Federal health officials said at least seven people in three U.S. states were sickened by E. coli food poisoning linked to cheddar cheese made from raw milk.
The U.S. Food and Drug Administration said Raw Farm, a California company, made the cheese it described as the “likely source” of the outbreak. The FDA noted that no Raw Farm products had tested positive for E. coli during the outbreak period, even as investigators were working to connect illnesses to the product.
The illnesses were reported between September 2025 and mid-February, according to the FDA. It said five cases were reported in California and one each in Florida and Texas, and that more than half of the illnesses were among children aged 3 or younger. The agency said two people were hospitalized.
The FDA recommended that Raw Farm voluntarily remove its raw cheese products from sale, but the company declined. The U.S. Centers for Disease Control and Prevention urged consumers to “consider not eating” the products.
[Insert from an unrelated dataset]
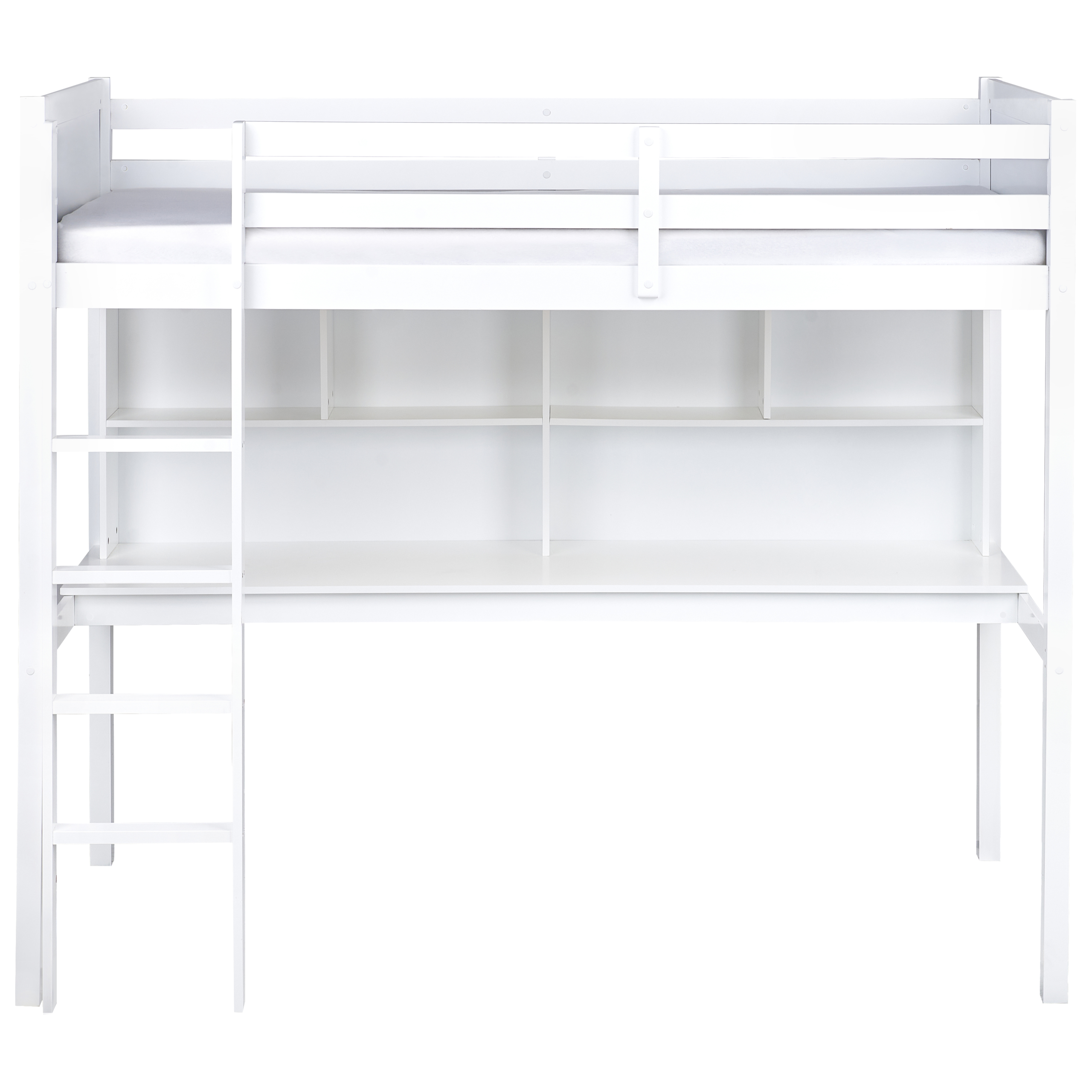 Skandinaavinen lasten parvisänky pöydällä ja hyllyillä. Luo lapsellesi monipuolinen tila tämän nykyaikaisen parvisängyn avulla. Sängyn alle sijoittuvat työpöytä ja hyllyt sopivat erinomaisesti opiskeluun sekä koulutarvikkeiden, kirjojen ja muiden tarpeellisten esineiden säilyttämiseen. Se on valmistettu kokonaan laadukkaasta männystä, joka tarjoaa kestävyyttä ja vakautta. Lisäksi mukana tuleva sälepohja takaa levolliset yöunet.

In comments, Mark McAfee, the owner of Raw Farm, said he refused to recall the products because investigators have not definitively linked them to any illnesses. In an interview, McAfee said, “They have found no pathogens in any of our products,” and he disputed the FDA’s findings that the cases were genetically linked, calling the outbreak announcement premature.
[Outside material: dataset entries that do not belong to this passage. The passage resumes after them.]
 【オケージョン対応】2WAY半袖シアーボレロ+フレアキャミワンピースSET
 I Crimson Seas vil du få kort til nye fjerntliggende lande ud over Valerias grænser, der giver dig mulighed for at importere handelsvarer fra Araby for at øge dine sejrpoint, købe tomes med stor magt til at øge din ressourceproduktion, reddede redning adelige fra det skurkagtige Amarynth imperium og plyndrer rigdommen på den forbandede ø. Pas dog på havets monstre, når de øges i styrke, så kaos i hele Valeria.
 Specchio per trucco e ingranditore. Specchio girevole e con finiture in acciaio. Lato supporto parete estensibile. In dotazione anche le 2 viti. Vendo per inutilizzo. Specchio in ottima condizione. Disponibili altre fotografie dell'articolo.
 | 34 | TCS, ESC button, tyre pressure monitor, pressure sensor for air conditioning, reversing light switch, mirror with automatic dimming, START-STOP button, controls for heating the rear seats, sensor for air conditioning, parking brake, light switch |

The FDA said interviews with three people who got sick found that all three reported eating Raw Farm brand raw milk cheddar cheese. The agency also said analysis of samples from the sick patients showed that the E. coli isolates that caused their infections were closely genetically related.
Officials said they were working to gather information from four additional cases. The investigation remained under way to determine the source of contamination and whether additional products were linked to illnesses.